SJZ, Member, New York Bar / FreeAdvice Contributing Attorney

Answered 11 years ago | Contributor

Generally speaking, no--an employer is not required to provide copies of its personnel files, including time cards, schedules, etc., to a former employee simply upon request. To get access to this material, the former employee will need to invoke legal process. To do this, either he or she must sue the company (such as for an asserted wage and hour law violation), at which point he or she can use the tools of discovery (document requests, interrogatories, subpoenas, etc.) to get the information; or alternately, he or she could contact the federal or state department of labor and see if the DOL will take up his or her case and use its powers to get this material as part of an investigation. So if the employee succesfully invokes legal process, then the company will have to comply.

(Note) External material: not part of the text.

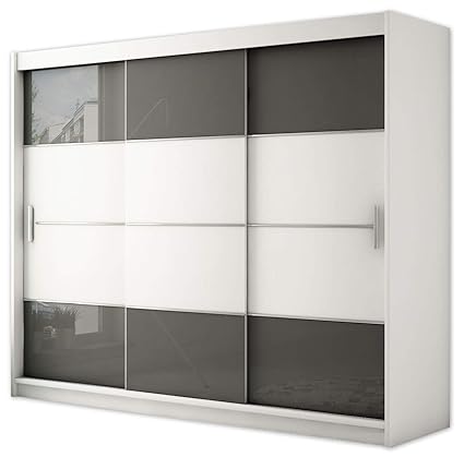 Schwebeturenschrank Kleiderschrank Dekor Weiss Grau Breite 301 Cm
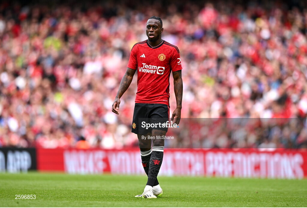 6 August 2023; Aaron Wan-Bissaka of Manchester United during the pre-season friendly match between Manchester United and Athletic Bilbao at the Aviva Stadium in Dublin. Photo by Ben McShane/Sportsfile

IMPORTANT NOTICE: The Answer(s) provided above are for general information only. The attorney providing the answer was not serving as the attorney for the person submitting the question or in any attorney-client relationship with such person. Laws may vary from state to state, and sometimes change. Tiny variations in the facts, or a fact not set forth in a question, often can change a legal outcome or an attorney's conclusion. Although has verified the attorney was admitted to practice law in at least one jurisdiction, he or she may not be authorized to practice law in the jurisdiction referred to in the question, nor is he or she necessarily experienced in the area of the law involved. Unlike the information in the Answer(s) above, upon which you should NOT rely, for personal advice you can rely upon we suggest you retain an attorney to represent you.